What Is Your Situation?
Traditional LTC insurance makes sense if you are in decent health and have surplus income from pensions, Social Security, and other sources. The most common age at which people buy LTC insurance is 57.
Here's how it works. First, policies do have an elimination period (typically 90 days) during which the insured has to pay out of pocket, before the insurance kicks in. Once benefits are triggered, the policy typically offers a daily or monthly maximum. If your daily maximum is $200, but your care is $250, then insurance covers $200 and you pay $50. Most policies are reimbursement policies. Indemnity policies are better because once benefits are triggered, the insurance company automatically pays the amount of your coverage (ask your LTC agent to explain the difference in more detail).
Some LTC policies only pay if you go in a nursing home. Others will also pay for at-home help, as long as you meet the requirements. Naturally the policy is cheaper if it only covers a nursing home. However, I would never recommend such a policy. Four times as many people are receiving care at home compared to the number who are in nursing homes. Some policies have 100% coverage for home health care, meaning the daily limits are the same whether you are in a nursing home or receiving help at home. Other policies may limit the at-home payment to 50%, as home health care is usually (but not always) less expensive.
Finally, many people worry about what might happen to their insurance company over the next 20 or 30 years. But insurance is possibly the most regulated industry in America. Companies have to have their product approved by every state in which they issue policies. They have to keep reserves, and they also pay into a state guarantee fund which makes good on policies if the insurance company were to go out of business. In reality, when a company gets into trouble a stronger company buys them out, sometimes with financial help from state guarantee funds. Insurance companies do occasionally fail, but I have never heard of a client not being able to collect on their life insurance, annuity or long-term care for that reason.
Are There Other Options?
Some people in the middle turn to hybrid products, rather than traditional LTC, such as life insurance with a LTC Rider. These policies enable policy holders to use the death benefit while they are still alive to pay for LTC costs. There are also annuities with LTC riders that will double the monthly payout if the owner cannot perform two of six activities of daily living. Lastly, there is always the reverse mortgage, which enables homeowners to tap their home equity. Funds from a reverse mortgage could be used to pay for long term care, or to provide money for a surviving spouse.
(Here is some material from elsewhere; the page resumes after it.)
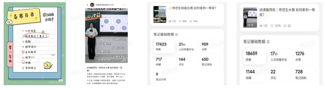 这是我发的第一篇笔记“预告篇”,当天就爆了,直接转粉600+,为后续的笔记都打下了基础;之后又发布过一个“说课预告篇”,转粉700+。可以间隔一段时间,在上一个主题笔记结束后,对下一个分享的系列主题都做一个“预告篇”,提高转粉率。

Life insurance with an LTC rider makes sense if one of your financial goals is to leave money behind (assuming you don’t use it all up for your care). You either need funds to buy a policy or you may already have a life insurance policy with cash value that could be exchanged for one with the LTC rider. The annuity is the best option if you already have health problems and would not qualify for traditional LTC or life insurance. Annuities do not have any health underwriting.
The LTC decision is a very important part of your overall retirement plan. Many people avoid it until it is too late, because the insurance has become too expensive or medical conditions limit your choices. I strongly suggest working with a professional who can look at your entire financial picture and help you think through your options. There may not be a "perfect" choice, but with a little work, you can find the best solution for you.